Wisely she has kept her range small – just five items – reflecting the niche market she is in.

Mainly it was the concentration of highly active botanical ingredients that originally set these products apart from other anti aging skin care lines around at the time.

Now of course there is greater competition – naturally active skin care is a big trend and many main line skin care companies are producing similar products – often at far lower cost.

High cost a difficult sell on Amazon

If you want to get the A-list treatment at home Tracie Martyn’s product range is avaialble on Amazon and from her (not very frequently updated) website.

The Amla Firming Serum – based on high concentrations of antioxidants, green tea, bilberry and detoxifying peptides appears on the face of it to be a good alternative to vitamin C serum – lifting and toning skin and stimulating collagen production.

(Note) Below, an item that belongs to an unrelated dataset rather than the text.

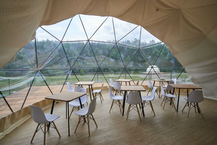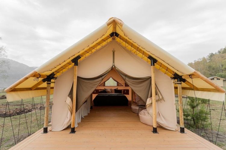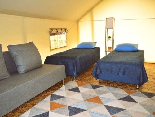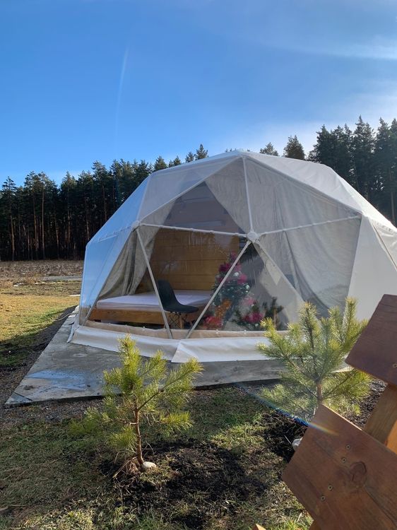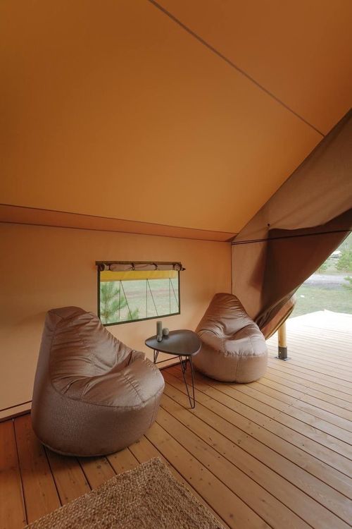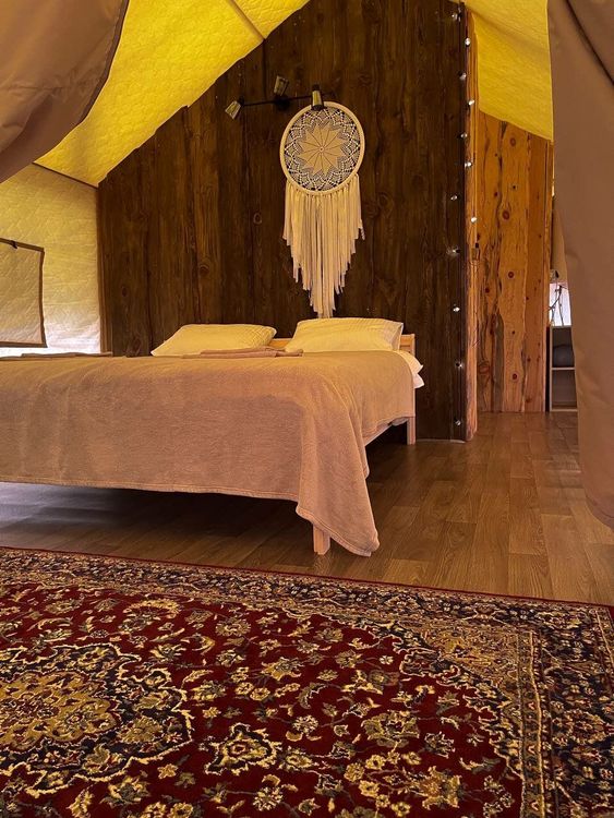 Проживание: для размещения гостям доступны шатры, домики и номера категории «Стандарт».На территории глэмпинга расположена баня.
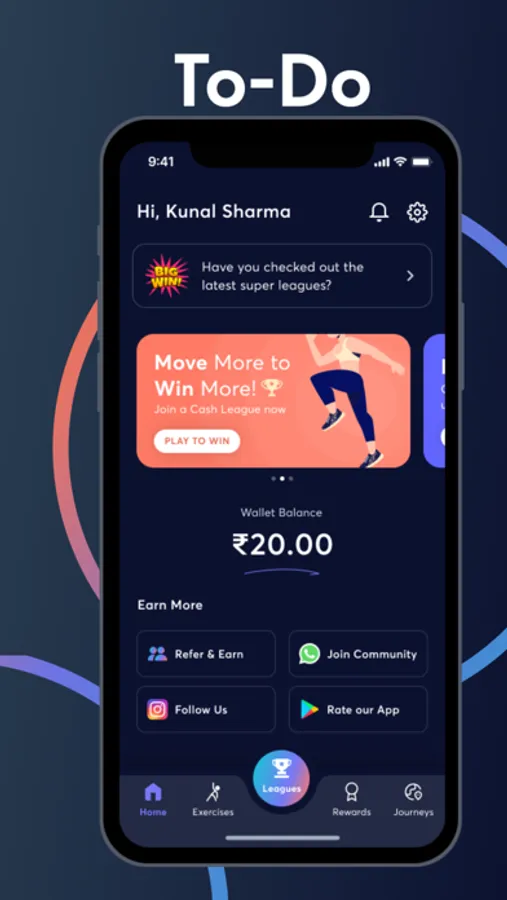 With Radian Move you can join Leagues, compete with other users, and earn cash prizes or rewards up to Rs. 30,000. We have two types of leagues, the first is the Super Leagues which are our pay-to-play leagues and the second is our free leagues to encourage you to be competitive while staying healthy while doing so.

As I have no experience of how the product performs – my main reservation here would be price. If I was looking for skin serum – a top end vitamin C serum from a company like SkinCeuticals or any one of several serums from Murad Skin Care – would set you back a lot less.

The Amla Firming Serum comes in at $185. At that price it is not surprising that there are only four reviews (only one complementary) in the amazon store and the most recent I could find was 2009 – seems like there isn’t a very high turnover.

The Enzyme Exfoliant from the range did achieve something close to cult status for a while beloved of regular celebrity customers like Susan Sarandon and Madonna – both quoted as being enthusiastic users several years ago. Whether they still are is a moot point.

The exfoliant sells on Amazon for less than the serum at around $90 – so not a cheap option either – and has 8 reviewers with very mixed reactions.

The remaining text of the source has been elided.